I. Unpacking firmwares¶
To extract the firmwares one can use Unblob which is now undeniably the best firmware extraction tool to date. We can extract the firmware with:
docker run \
--rm \
--pull always \
-v $PWD/extract/RAX30-V1.0.7.78_1.img_extract:/data/output \
-v $PWD:/data/input \
ghcr.io/onekey-sec/unblob:latest /data/input/RAX30-V1.0.7.78_1.img
(Considering the firmware is in your current directory)
Exercise: Unpack both firmwares
II. Exporting files¶
Before diffing executables between the two firmwares, we have to call BinExport on all of them. For that we can use the program binexporter that can iterate a whole tree of files and to export all files encountered.
binexporter -t 10 extract/RAX30-V1.0.7.78_1.img_extract
The option -t launch the export with 10 processes. As exporting implies disassembling all binaries it can take a while to perform (~1h for this firmware).
To continue the tutorial here are the binexports files for both firmwares.
III. Performing the diff¶
Now that all executable files are exported in a single directory for each firmwares we can perfom the diff of each BinExport files based on theirs name. (For simplicity we assume there are now duplicates. Also symlinks also led to duplicating binexport files).

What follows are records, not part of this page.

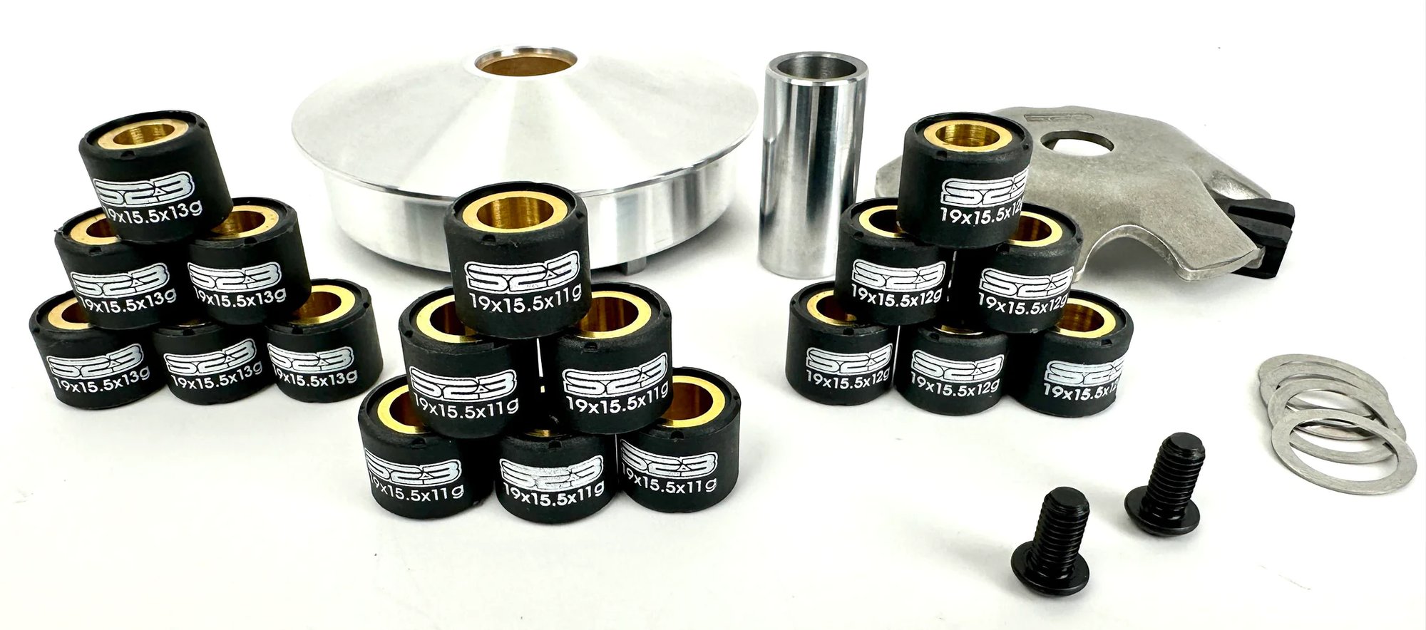 S23 now offers the most comprehensive variator kit for the Honda NAVi. Proven MPH and acceleration gain! This kit includes 3 sets of roller weights, and shims to tune your belt ride height! Performance is slightly better than the malossi kit, and the cost is significantly lower!
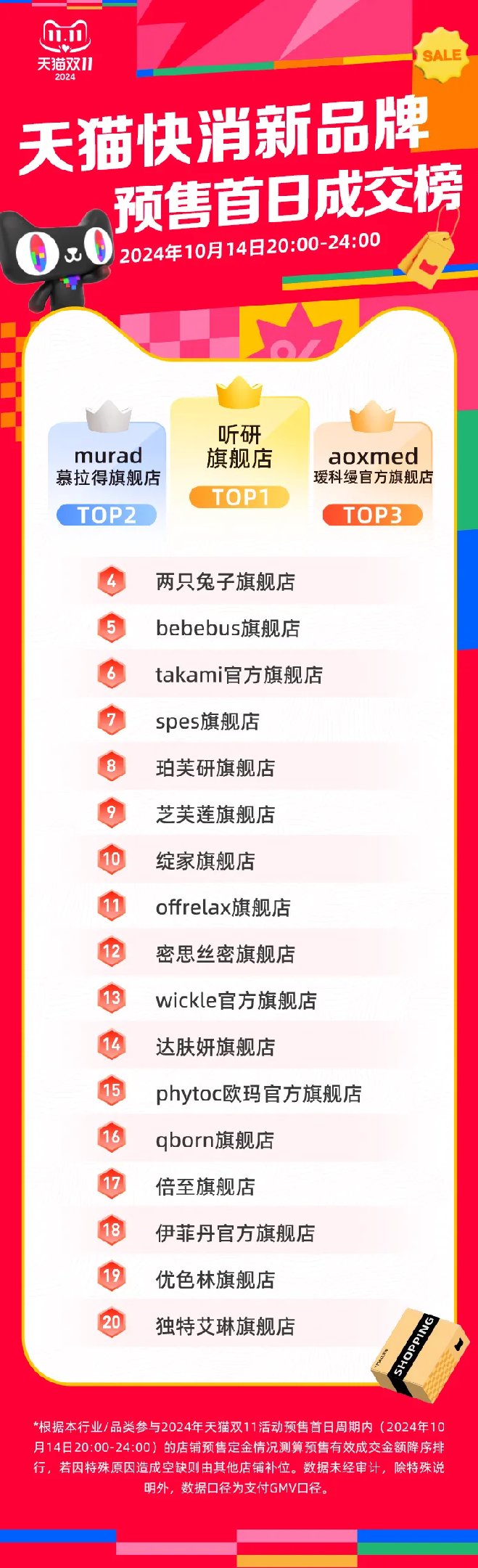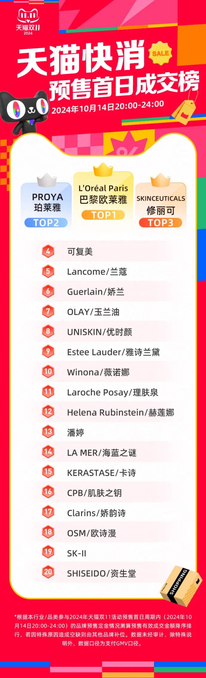 10月14日20日,根据“天猫美妆预购首日交易名单”:00-24:00),前三大品牌分别是珀莱雅、巴黎欧莱雅和修丽可。珀莱雅保持着第一的“宝座”,巴黎欧莱雅紧随其后,修丽可第一次闯入前三。
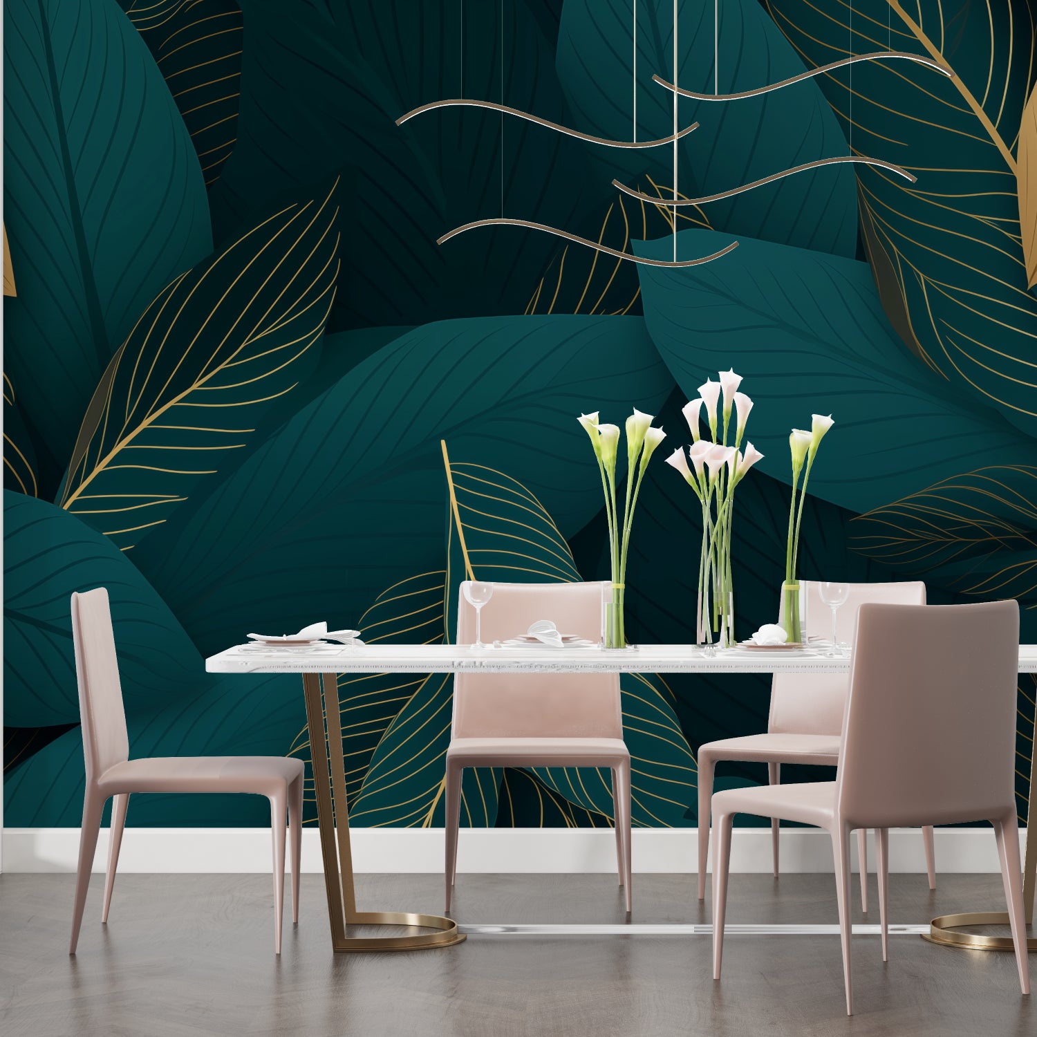 Denna tropiska bladmönstrade tapet visar en sofistikerad sammansättning av överdimensionerade smaragdgröna löv prydda med eleganta gulddetaljer. De djupa skogsgröna bladen skapar en djärv, tredimensionell effekt mot den mörka bakgrunden, medan fina gyllene vener löper genom varje blad och tillför en touch av lyxig förfining. Den botaniska väggmålningen kombinerar naturinspirerade element med samtida konstnärlig flair och skapar en slående visuell effekt.
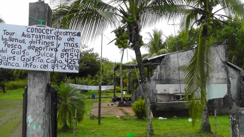 We arrive in Puerta Jimenez and set out of foot. We thought this was an interesting house, especially since judging by the laundry it looks occupied. The sign says watching whales, dolphins, and more. Sport fishing in the Golfito Dulce, trips to Golfito Caña, Playa Blanca
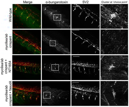 Neuromuscular junction (NMJ) morphology of myo9aa/ab crispant zebrafish at 24 hpf. Representative images of NMJs in wildtype, myo9aa/ab crispant, and NT1654 (0.15 ng) or fasudil-treated (10 µm) crispant zebrafish at 24 hpf. Acetylcholine receptors stained with αBTx (green), and motor neurons detected with an antibody against SV2 (red). White boxes demark areas enlarged in the right-hand panel, showing presence of αBTx-positive choice point clusters. Scale bar = 50 µm.
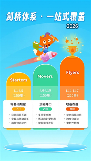说游记是由RunFox团队基于剑桥官方权威儿童英语教学体系,专为5-12岁孩子打造的权威英语启蒙App。通过动画课程系统与智能记忆引擎的双核驱动,贴合剑桥少儿英语体系,提供510节动画课、1530核心词汇、6000+听力词汇,让孩子轻松启蒙、快乐入门。目前累计服务家庭超17万户,用户英语水平稳步提升,被家长称为“手机里的剑桥英语学校”。
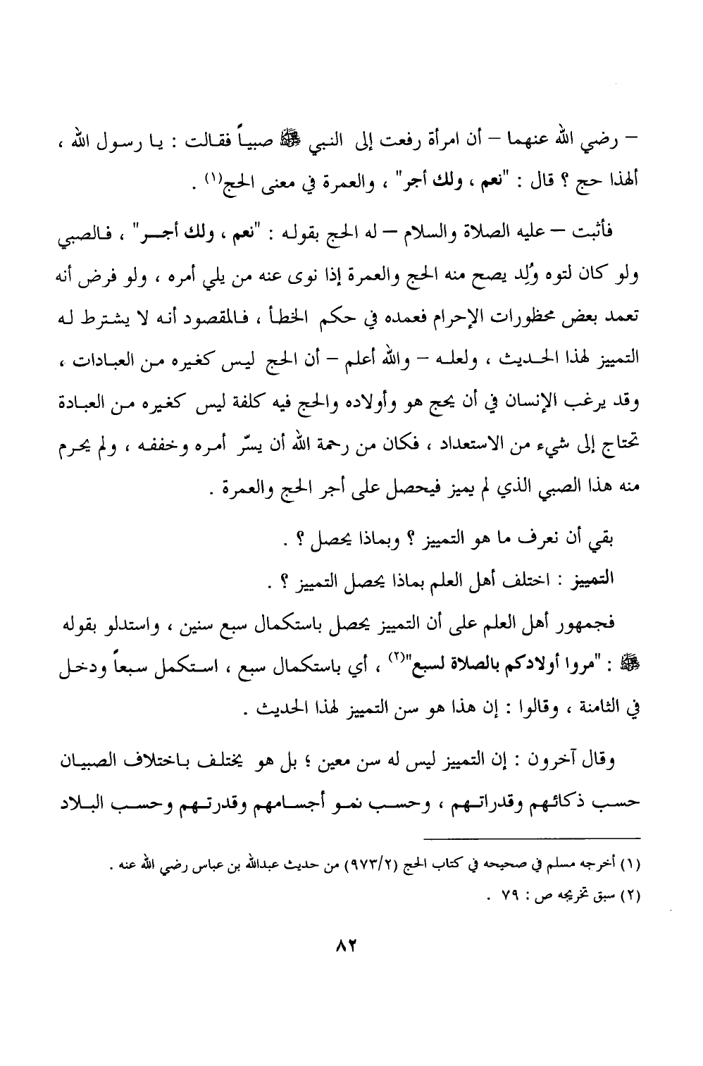 فجمهور أهل العلم على أن التمييز يحصل باستكمال سبع سنين، واستدلو بقوله - صلى الله عليه وسلم -: "مروا أولادكم بالصلاة لسبع" (٢)، أي باستكمال سبع، استكمل سبعًا ودخل في الثامنة، وقالوا: إن هذا هو سن التمييز لهذا الحديث.
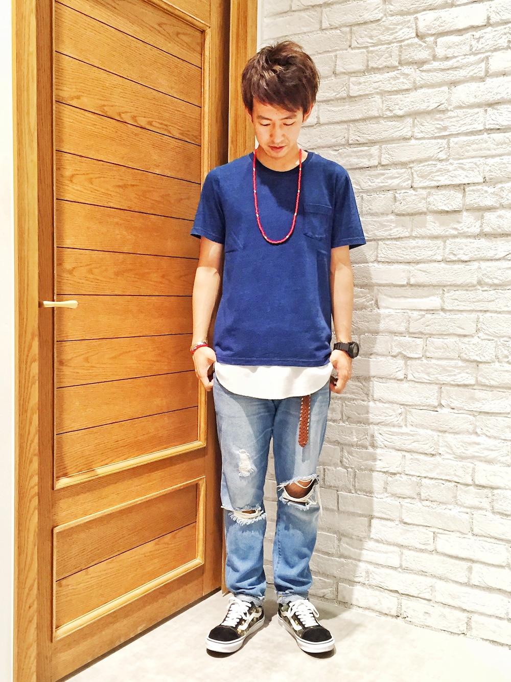 みなさんこんにちは! 少し前にVANS OLDSKOOL のカモ柄を買ってヘビロテしてるだっちょでこざいます。 あっという間に6月も終わり7月ですね! 最近は雨ばっかりで嫌になっちゃいますが、もうすぐ待ちに待った夏がやって来ますね! みなさんはもう夏の予定などはありますか?*\(^o^)/* そんな本日のスタイリングはインディゴTにダメージデニムを合わせて隠れデニム on デニムです! こちらのインディゴTは風合いがあり一枚で着てもインナーで着ても様になっちゃいます! ブルーとネイビーで無地とボーダー、クルーネックとVネック、と種類が豊富でございます! これだけで夏らしさ満開です! ショーツと合わせちゃっても◎ですね! 今日も楽しみましょう!! いぇあ!
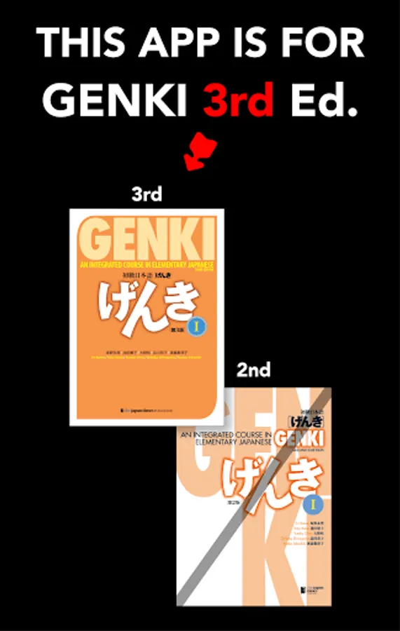 *This is for the 3rd edition of GENKI. If you are using the 2nd edition of GENKI books, please purchase the app "GENKI Vocab Cards for 2nd Ed."

Exercise: Write a script to diff all binexports files.
[ ]:
from pathlib import Path
from bindiff import BinDiff, BindiffFile
binexports1 = Path("binexports/RAX30-V1.0.7.78_1.img_extract")
binexports2 = Path("binexports/RAX30-V1.0.9.90_3.img_extract")
diff_dir = Path("diffs") # create output dir
diff_dir.mkdir()
for file1 in binexports1.iterdir():
file2 = binexports2 / file1.name
if file2.exists():
diff_file = diff_dir / f"{file1.with_suffix('').name}_vs_{file2.with_suffix('').name}.BinDiff"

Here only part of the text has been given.